The federal government is to announce $50 million in new funding for the program, bringing its total commitment to $160 million over five years.
Mr Hunt said: “This world-leading treatment means Victorian patients can access lifesaving support without needing to travel interstate.
“This will help some of our sickest Victorian patients in their battle against cancer.”
Melbourne resident Deb Welch, who has been diagnosed with kidney cancer and now breast cancer, is among those who can undergo the DNA testing trial here.
It will be especially beneficial for her as a genetic mutation may be driving both cancers.
Ms Welch has been undergoing chemotherapy all year and is about to start radiation therapy.
She said she was looking forward to participating in the trials, to potentially be able to find out the exact type of drugs or treatment required to attack her cancers.
“It would just be amazing to go and do that and know exactly what kind of pathway to go down, rather than just running the gauntlet of chemotherapy and radiation,” she said. “I’ve been doing chemotherapy for five months and unfortunately, I have had reactions to a lot of the drugs.”

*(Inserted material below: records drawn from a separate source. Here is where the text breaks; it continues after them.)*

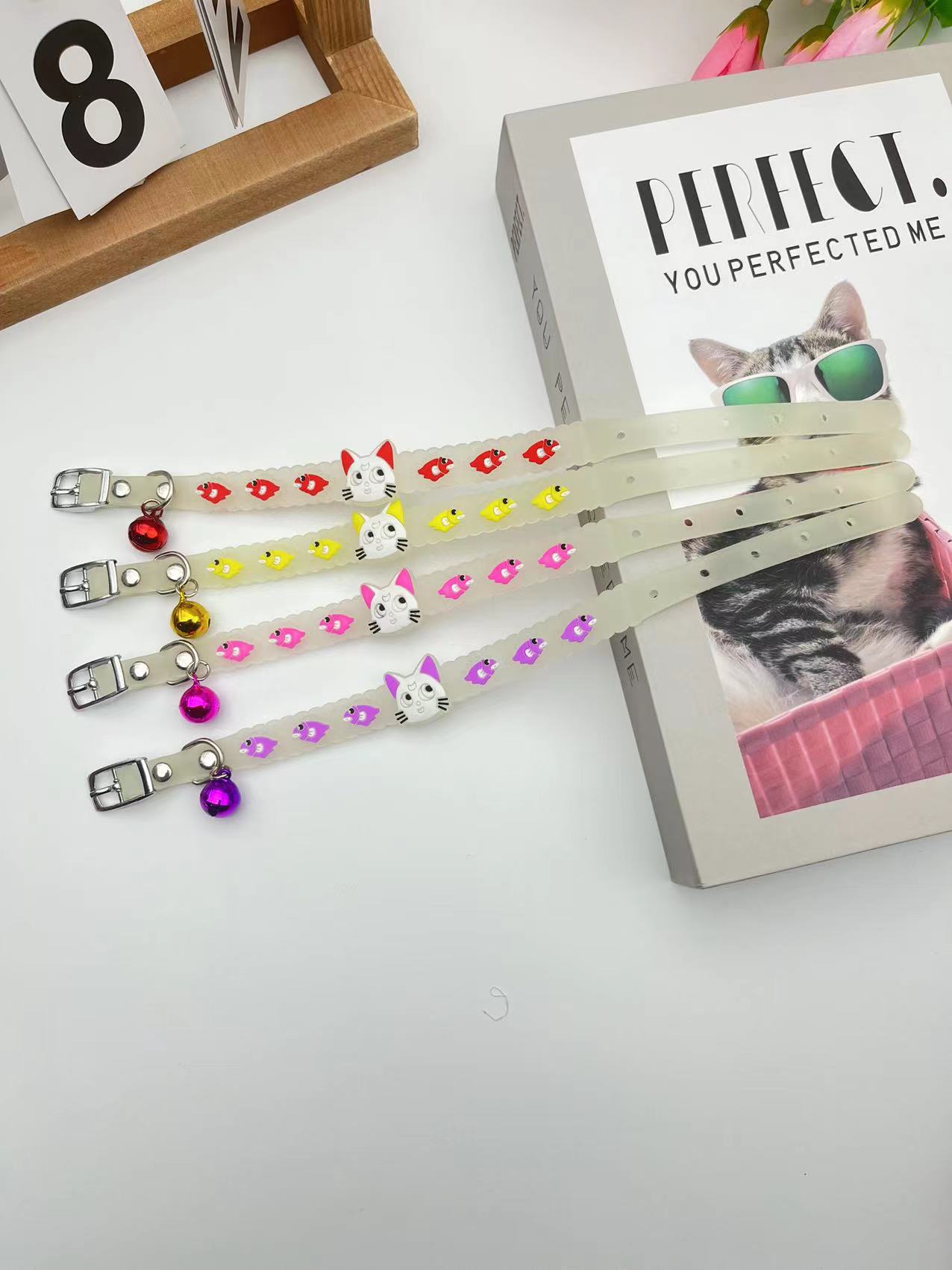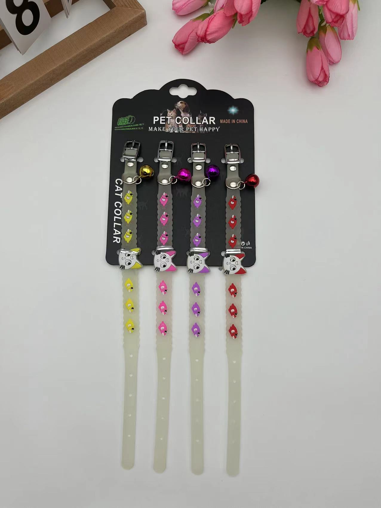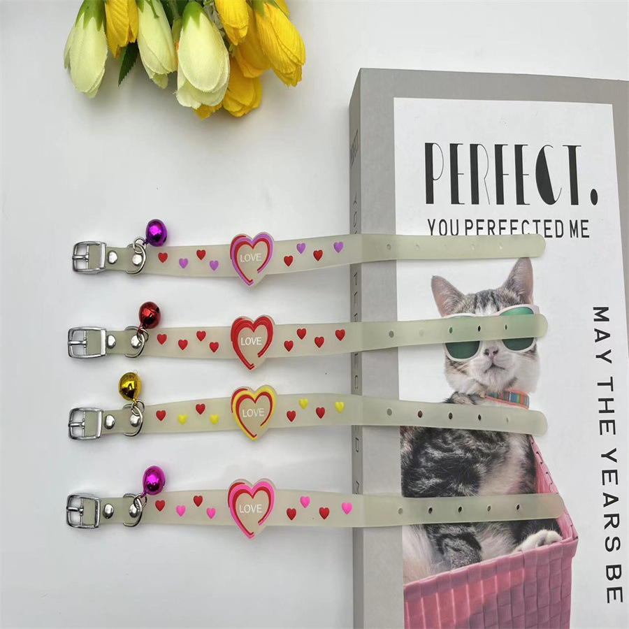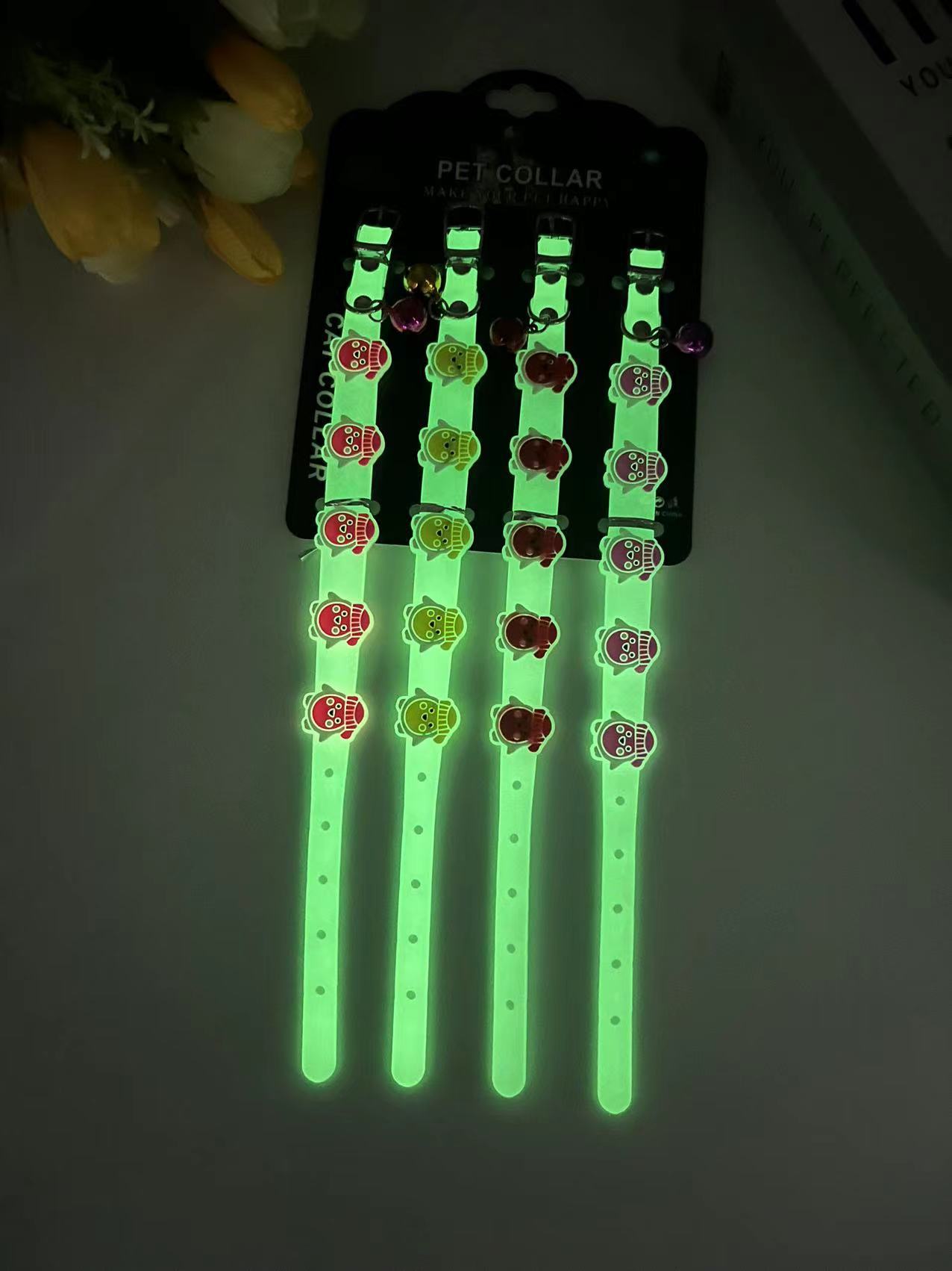 국경 간 새로운 애완 동물 형광 칼라 만화 실리콘 칼라 야간 여행 잃어버린 고양이 개 목걸이
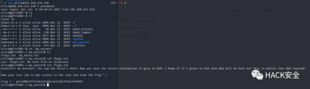 直接ssh登录即可,ll查看目录,并发现了flag1.txt
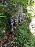 Über Kranjska Gora und den Vrsicpass, erreichten wir den Startpunkt zu unserer Ganztagestour im Socatal, von der Quelle bis nach Bovec. Die beeindruckende Siphonquelle mit tiefblauem Auge wurde über eine kleine Kletterei erreicht. Die Wegstrecke über 23 km war sehr abwechslungsreich. Der Soca-Wanderweg führte über einige Hängebrücken und an manchen Stellen war die Schlucht weniger als 2 Meter breit und grub sich über 15 m tief durch die Felsen.
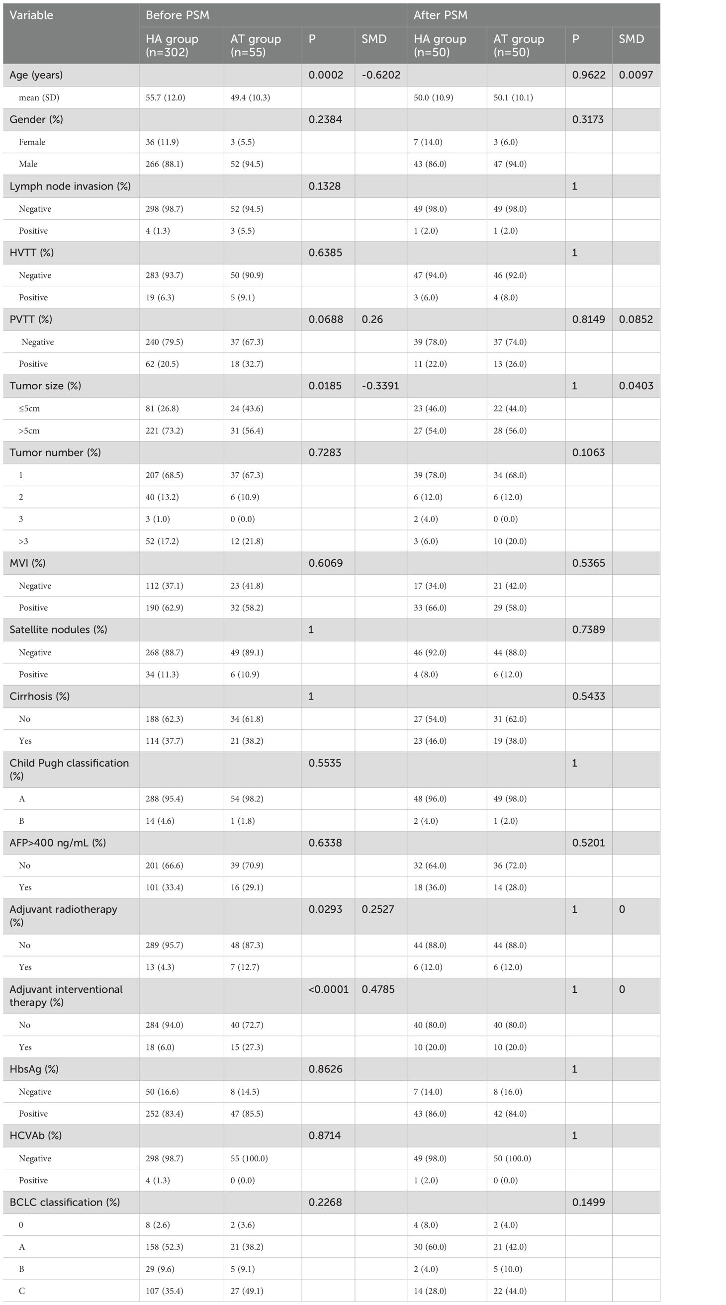 Statistical analysis was performed using R software version 4.3.2 (http://www.R-project.org). Continuous variables with a normal distribution were presented as mean ± standard deviation (SD), while those without were reported as medians and interquartile ranges (IQR). Independent samples t-tests or Mann-Whitney U tests were used to compare differences between continuous variables, depending on the specific circumstances. Categorical variables were presented as numbers (n) or percentages (%), and compared using chi-squared test or Fisher’s exact test. To adjust for confounding factors, a 1:1 propensity score matching (PSM) was performed. Propensity scores, ranging from 0 to 1, were generated using binary logistic regression with selected variables. Nearest-neighbor matching was used to match patients in the AT group to those in the HA group. Pairs were matched within a propensity-score logit range of 0.16 SD. A standardized mean difference (SMD) below 0.1 indicates a meaningful balance in baseline covariate (22, 23). Survival curves were estimated using the Kaplan-Meier method and compared with the Log rank test. Univariate and multivariate Cox regression analyses determined independent prognostic factors for RFS and OS. In the univariate Cox regression, only factors with a p-value less than 0.05 were included in the multivariate analysis. Subgroup survival analysis was conducted using univariate Cox regression, stratified by clinical variables, and forest plots were drawn with hazard ratio (HR) and 95% confidence interval (CI). The differences between groups with a two-tailed p < 0.05 were considered statistically significant.

The new type of testing works by looking deep into each patient’s cancerous cells and analysing their DNA, to work out how to target and destroy the cancer.
Meanwhile, Australian researchers have developed a world-first blood test to detect melanoma.
Lead researcher Pauline Zaenker, of the Edith Cowan University’s melanoma research group, described the test as an “exciting” potential screening tool because it could pick up melanoma in the early stages when the condition was still treatable.
“Patients who have their melanoma detected in its early stage have a five-year survival rate between 90 and 99 per cent,” she said.
“Whereas if it is not caught early and it spreads around the body, the five-year survival rate among melanoma patients drops to less than 50 per cent,” she said.